Geçenlerde saçları boyalı birkaç bayan arkadaşla sohbet ederken, bir gazetede okuduğum konuyla ilgisiz bir haberin, bende bıraktığı izlenimi aktardım: Haberde, İngiltere'deki bir grup beslenme uzmanının, fast food’un zararını kanıtlamak için yapmış olduğu bir deneyden bahsediyordu. Bu uzmanlar, bir yıl süreyle, hergün olmak kaydıyla, düzenli bir şekilde, masaya konmuş bir miktar cips ve hamburgerin fotoğrafını çekmişler. Sonuçta ilk gün çekilenle bir yıl sonra çekilen fotoğrafların da gayet açık bir şekilde gösterdiği gibi; normalde çürümüş, küçülmüş olmasını beklediğiniz bu fast food ürünlerinde, bir yıl içinde kısmi bir eğrilip büğrülme dışında fazla bir değişiklik yoktu. Hatta haberde, sineklerin bile bu iştah açıcı kabul edilen öğüne konmaktan bile imtina ettikleri yazılıydı. Tabii beni çok sevecen bakışlarla dinlemedi arkadaşlarım; ama ben, bu fast food daki olağanüstü zamana direnme gücündeki anormallikle, saçların olağan bir doğallıkla beyazlaması arasında bir bağ olması gerektiği fikrindeydim: Saçların beyazlaması hiç de dehşet verici değildi; normal olan buydu; ama çoğu bayanın, gazete haberindeki bir fast food patates kızartması ya da hamburgerin direndiği gibi, saçlarının beyazının görünmemesi konusunda "direnmesi" çok "dehşet verici" olmalıydı aslında.
 
Galiba kadınlara zamanın akışını en çok saçları anlatıyor.

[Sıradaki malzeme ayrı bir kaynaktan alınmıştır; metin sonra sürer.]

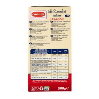 A GIGLIO "Lasagne" lasagne 500 g-os tészta kiváló minőségű olasz tészta, amelyet tojás hozzáadása nélkül készítenek. Ez a termék ideális választás klasszikus lasagne készítéséhez, rugalmasságot és könnyű elkészítést kínál, így az otthoni szakácsok és a szakemberek körében egyaránt kedvelt választás. A tésztalapok a lasagne hagyományos és vegetáriánus változatához egyaránt használhatók.

Gençliğinde kendi özgün rengiyle rüzgarda savrulan saçlar, bir süre sonra tel tel de olsa, yer yer beyaza da yer verir vermez... al marketten bir paket boya ya da git köşebaşındaki kuaföre ve bir saatte "meydan oku" zamana! Bu kadar kolay ! İlk zamanlar bir " değişiklik" olan bu eylem, bir süre sonra boyanın etkisiyle daha da artan beyazlar nedeniyle, artık bir tür zorunlu görev halini alıyor. Bu konuda evdeki eş ve çocukların da, anneyi "genç görme istekleri"nin de bir güdüleyici olduğunu fark ettiğimde, boya bağımlısı kadınlarımız için bir kez daha üzülmüştüm. Kadınlar arası "kimin boyası gelmiş " tarzı "mahalle baskısı bakışlar" ise, herhalde en büyük boyatıcı etken.
 
Sevgili Kadınlar! Özgürleşin! Beyazlarınızı sevin! Onlar sizinle birlikte büyüdü! Pek çok anı, zorluk, sevinç, paylaşım var hepsinde!
 
Bunu en çok siz biliyorsunuz. Onlar sizin bir parçanız. Bırakın bir şeyler anlatsınlar size ve çevrenizdekilere. Kendi vücudunuz üzerinde başkaları hükümdar olmasın. Saçlarınız beyazlaştıkça, herkes hayatın doğal akışını daha bir iyi anlasın! Sanallaşmasın hayat! Dünyaya kazık çakamayacağımızı anlasın aynalar ve biz de daha çok sevebilelim "esas kendimizi".
 
Özgürlük; biraz da gerçeği savunabilmek ve arkasında durabilmek değil midir?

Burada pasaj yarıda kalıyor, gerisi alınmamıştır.